I’m fully aware that I don’t have a lot of time to be musing this week, considering everything going on tomorrow and on the weekend, starting Saturday. There’s possible material I want to share tomorrow, separate material I’d like to share for this coming Saturday, and then, of course, I need to keep the momentum going for Sunday.

But before all of that I think I’d like to go ahead and share something on my mind that I’ve been wanting to let out since, oh, last Saturday – Actually, it’s been brooding on my mind since Father’s Day.

June 18 wasn’t just the real Father’s Day (I say ‘the real’ because I assumed it was June 11 and I even shared my thoughts on Fathers that Day) – June 18 was also the day we celebrated my Auntie Bel’s birthday. My Mom let me know that we needed to go out for lunch before eventually heading to our afternoon service, and so we prepared to adjust our routines to accommodate this.  We made our way to the Chinese restaurant (Auntie’s choice), and I made my way to our table, where the usual suspects were seated – Besides my Mom and Auntie Bel, there was Auntie Penny, and RJ, who you can call my cousin.

Seeing as this was Auntie Bel’s birthday I saw that she also invited another guest – a certain Auntie Carol, who was in the same age bracket as she was. I guess they knew each other in the same neighborhood or something like that. Mom knew her too. But anyway, we were just enjoying the food and each other’s company, and we had everything plotted out – instead of having almond jelly at that Chinese restaurant, Auntie Bel decided that they were gonna pick up a cake and we’d have it at their place.

So in my mind, I was set – Enjoy lunch, and then head out to church first to check on the team, then quickly speed out to pick mom up and possibly a slice of cake. All that was left was to just enjoy the conversation.

And that was going well, until we started transitioning out – that is, RJ and I were finishing what dishes we could, so we can clearly give the waiters what food to wrap to take home. And here’s where that Auntie Carol gave a side comment, which went something like this – ‘It’s good that you’re around, JB, to eat. You’re like your mother’s dog.’
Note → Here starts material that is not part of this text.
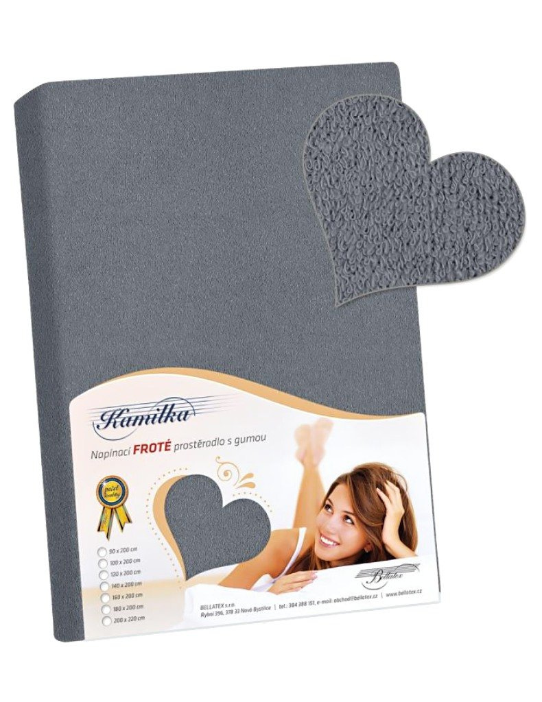 Froté prostěradlo PF-046 v tmavě šedé barvě, vyrobeno z 82 % bavlny a 18 % polyesteru, zajišťuje odolnost a údržbu. S gramáží 180 g/m² je vhodné pro matrace do výšky 20 cm a zvyšuje komfort ložnice.

At the time everyone was chuckling, myself included – but in the back of my mind, I was like, what the f*ck was that? I’m usually a guy who likes to laugh at myself, but for some reason, that side comment got to me, deep. Now I’m not about to go ahead and elaborate or share on my musings on why I thought that hurt a whole lot more than any other insult thrown at me as of late – well, I’ll just say that some factors included the fact that I wasn’t expecting it, and it came from someone who barely knew me. And it hurt me because it got me thinking – is that really who I am?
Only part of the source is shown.